Treatment of respiratory acidosis
The treatment depends on the underlying disorders. Supportive measures such as oxygen therapy or mechanical ventilation may sometimes be necessary regardless of the cause.
Lifestyle measures
Weight loss can help patients with hypoventilation syndrome due to obesity.
Muscle or nerve stimulation
In this technique, electric currents are administered. Rhythmic electrical stimulation of the diaphragm or phrenic nerve gives positive results in breathing.
The drugs
Agents such as beta-agonist bronchodilators (salmeterol, albuterol), anticholinergic agents (tiotropium, ipratropium bromide), and methylxanthines (theophylline) help patients with severe bronchospasm (spasm of the pulmonary muscles) and obstructive pulmonary disease.
Anticholinergics also increases ventilation by decreasing the constriction of the bronchi and bronchioles of the lungs.
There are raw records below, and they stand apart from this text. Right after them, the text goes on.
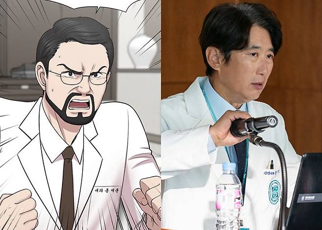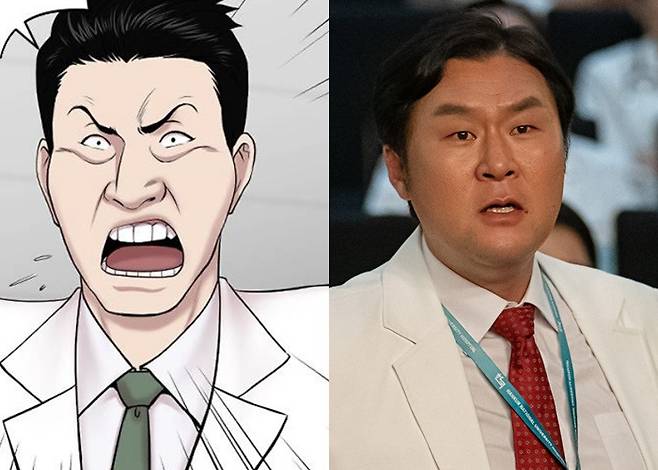 원작 웹툰의 홍재훈(왼쪽)과 드라마에서 그 역할을 맡은 김원해의 모습. 사진제공=네이버 웹툰·넷플릭스
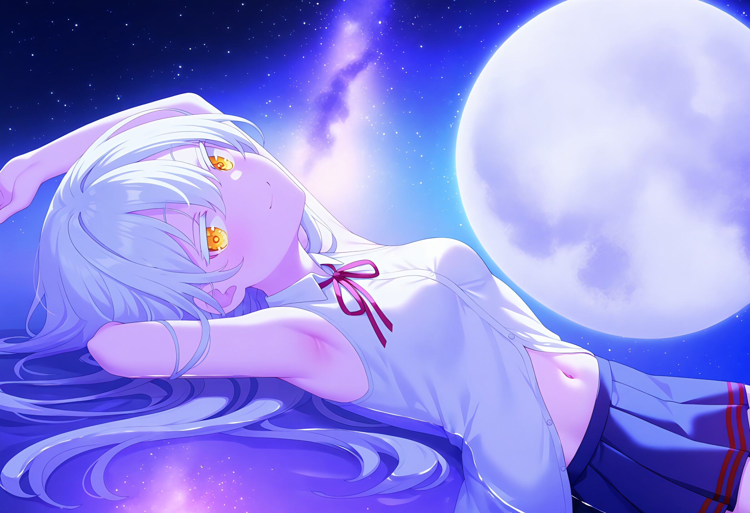 loli, skinny, (petite:1.2), small breasts, blonde eyes, yellow eyes, sterling silver hair, white hair, long hair, hair between eyes, (jitome:1.1), straight hair, colored eyelashes, glowing eyes, sleeveless shirt, collared shirt, neck ribbon, red ribbon, black skirt, pleated skirt, smile, doyagao, navel, arm above head, arm up, upper body, night sky, starry sky, reflective water, reflection, afloat, partially submerged, shallow water, sky, water, dutch angle, on back, looking at viewer, (from side:1.2), looking to the side, full moon, milky way, big moon, transparent,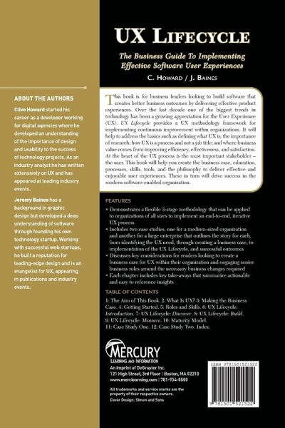 This book is for business leaders looking to build software that creates better business outcomes by delivering effective product experiences. Over the last decade one of the biggest trends in technology has been a growing appreciation for the User Experience (UX). UX Lifecycle provides a UX methodology framework for implementing continuous improvement within organizations. It will help to address the basics such as defining what UX is; the importance of research; how UX is a process and not a job title; and where business value comes from improving efficiency, effectiveness, and satisfaction. At the heart of the UX process is the most important stakeholder - the user. This book will help you create the business case, education, processes, skills, tools, and the philosophy to deliver effective and enjoyable user experiences. These in turn will drive success in the modern software-enabled organization.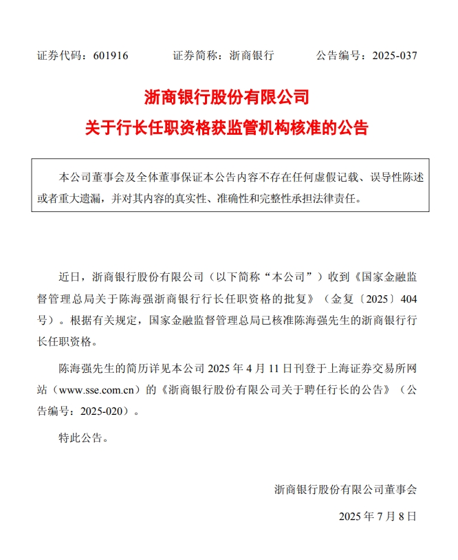 7月8日,浙商银行股份有限公司(下称“浙商银行”)发布公告称,近日收到《国家金融监督管理总局关于陈海强浙商银行行长任职资格的批复》,陈海强的浙商银行行长任职资格已获核准。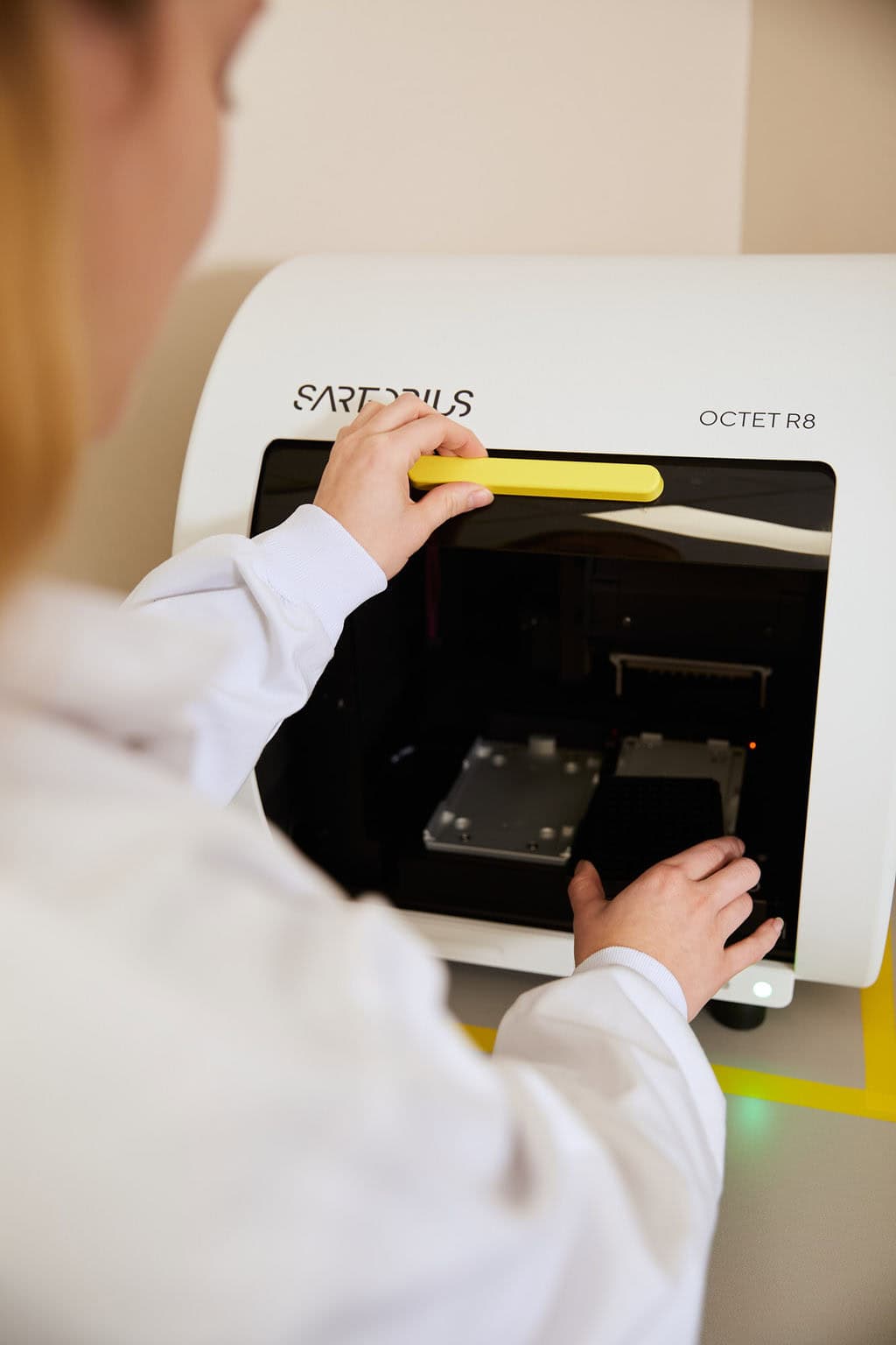 The Octet R8 system is equipped with eight spectrophotometers, enabling simultaneous analysis of up to eight samples. The instrument utilizes glass biosensors each approximately the size of a 10 µL pipette tip coated with a specific biological component. Depending on the application and experimental goals, different biosensor types can be selected for optimal performance.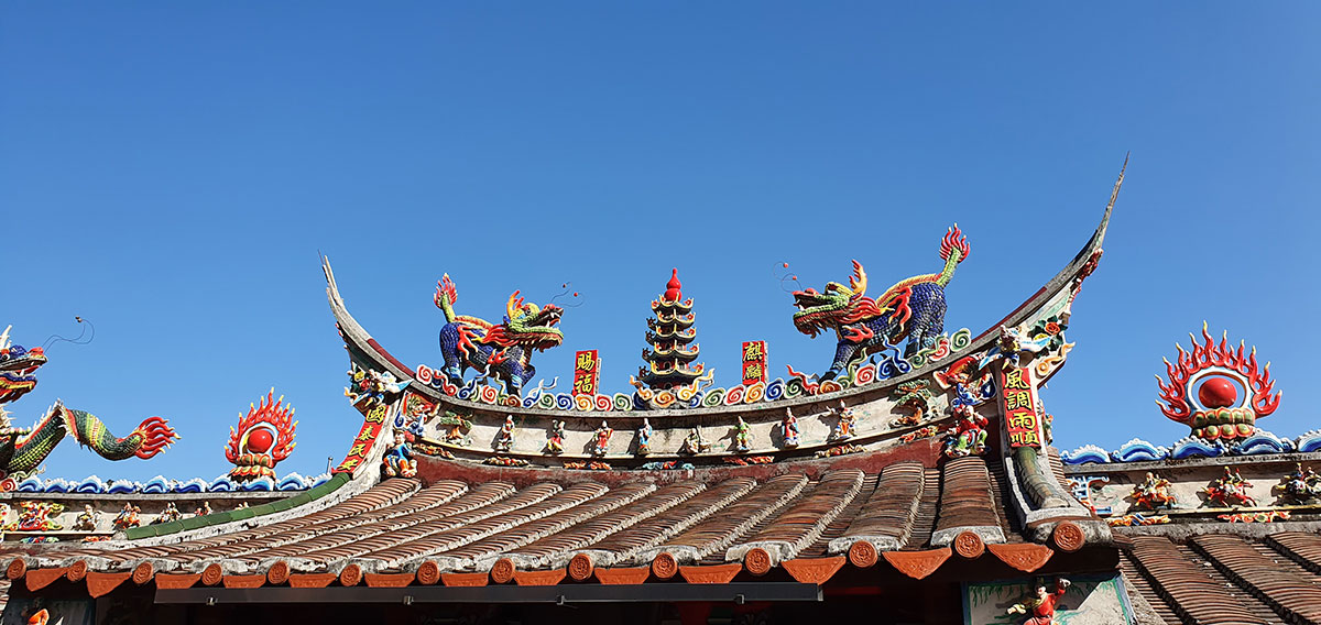 En la arquitectura de los templos, la cerámica colorida está presente, sobre todo en los techos rematados por esculturas de animales protectores.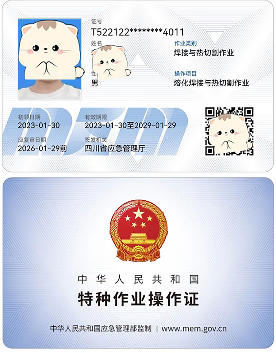 《特種作業(yè)證書樣板展示》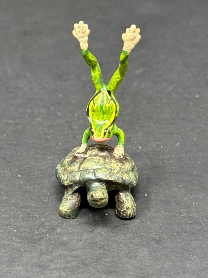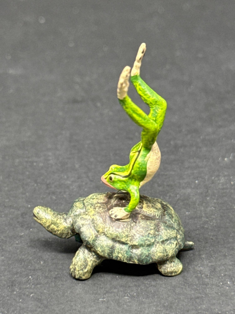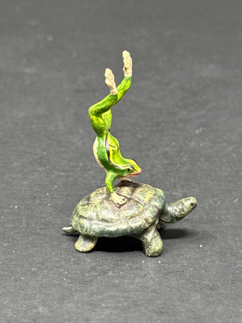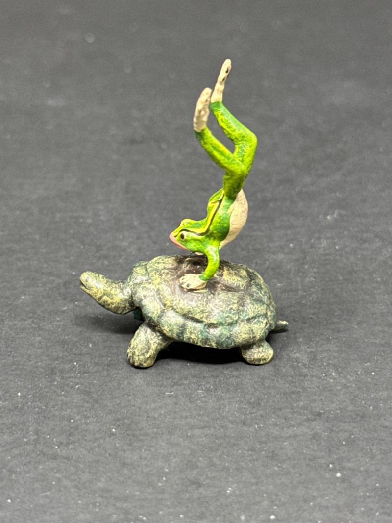 Charming and whimsical bronze sculpture by Fritz Bermann, Vienna. This hand-painted miniature features a vibrant green frog performing a handstand atop a turtle’s shell. Richly patinated with fine detailing on both the frog and the turtle, this piece showcases Bermann's signature artistry and Austrian craftsmanship. Artist: Fritz Bermann Material: Cold-painted bronze Subject: Frog balancing on turtle Markings: Stamped with Fritz Bermann hallmark underneath Dimensions: 2 inches tall, 1 inch wide Origin: Vienna, Austria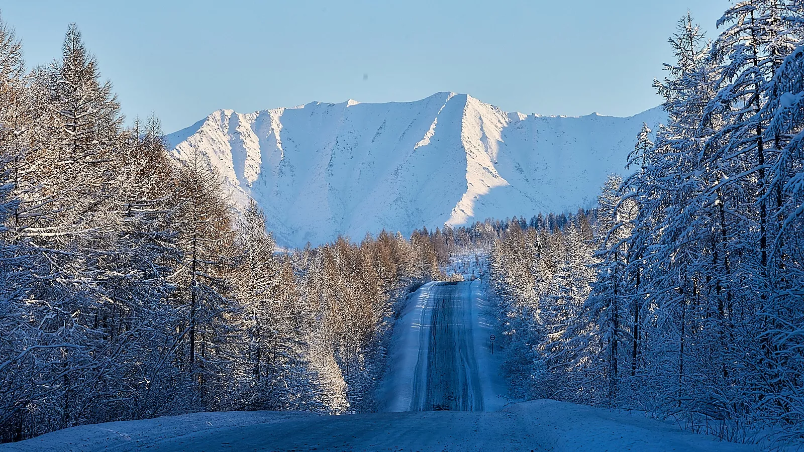 Уже на первых этапах дорога задает высокий ритм. Часть маршрута проходит по Колымской трассе, включая участки перевалов Верхоянского хребта. Зимой эта дорога выглядит особенно впечатляюще: снежные подъемы, горные участки, бесконечные белые пространства и ощущение настоящей экспедиции, где за каждым поворотом открывается новый северный пейзаж. Здесь особенно остро чувствуешь масштаб Якутии и понимаешь, что дорога в этих местах — это не просто путь из точки А в точку Б, а самостоятельное событие.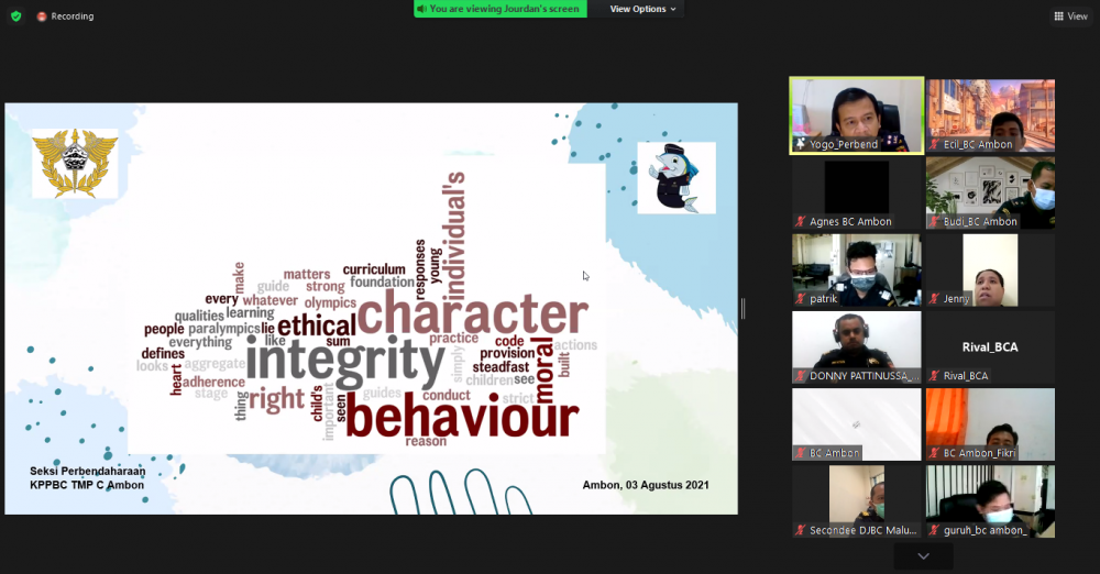 Ambon(03/08/2021) Mengawali Selasa pagi, Bea Cukai Ambon menggelar briefing kepada seluruh pegawai bertemakan “My integrity My Identity” yang dilaksanakan secara Daring. Integritas atau dalam bahasa latin disebut “Integer” memiliki makna sikap yang teguh mempertahankan prinsip, tidak mau korupsi, dan menjadi dasar yang melekat pada diri sendiri sebagai nilai-nilai moral.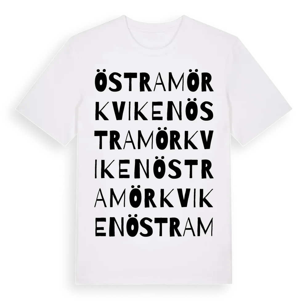 Östra Mörkviken ordlek t-shirt är inspirerad av byn Östra Mörkviken i Värmlands län, Sverige. Tröjan är designad för dig som har en speciell koppling till platsen – oavsett om du bor här, har rötterna här eller bara älskar Östra Mörkviken.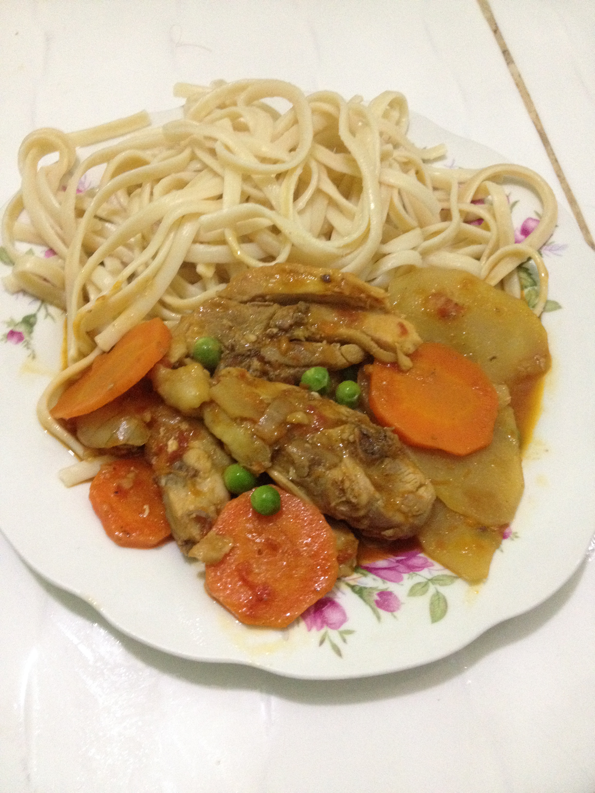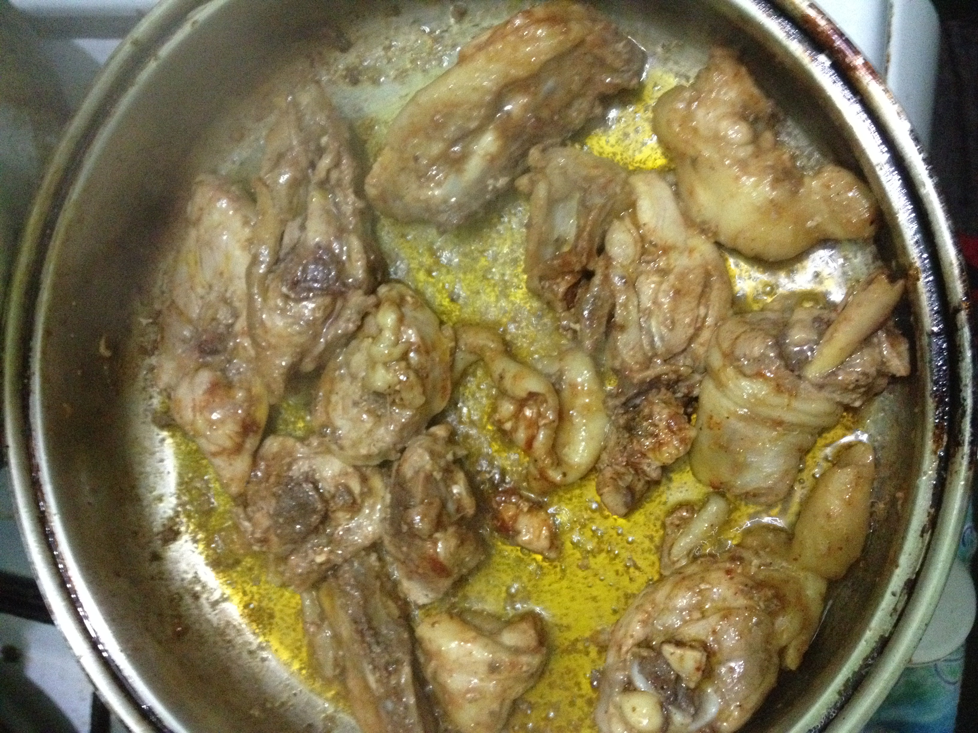 Luego sofreímos en una salten amplia el pollo hasta que este sellado, luego le añadimos los condimentos para darle color y sabor.

Theophylline also relaxes the lung muscles, but it is given with caution due to its toxic side effects.
Respiratory stimulants (medroxyprogesterone, acetazolamide) promote ventilation. Some of these are corticosteroids, which act by decreasing inflammation.
These medications help patients who develop respiratory acidosis due to asthma.
If respiratory acidosis is caused by an overdose of some sedative drugs, drug antagonists are used to reversing the effects.
Drugs such as flumazenil reverse the effects of benzodiazepines. Naloxone reverses the effects of narcotics.
Bicarbonate infusion therapy
Sodium bicarbonate rarely occurs when patients show extremely low pH and cardiorespiratory arrest.
Oxygen therapy
Oxygen therapy can help patients with oxygen deficiency. It avoids the complications associated with prolonged oxygen deficiency.
Ventilation
Mechanical ventilation is done through the nose or a tube in the windpipe.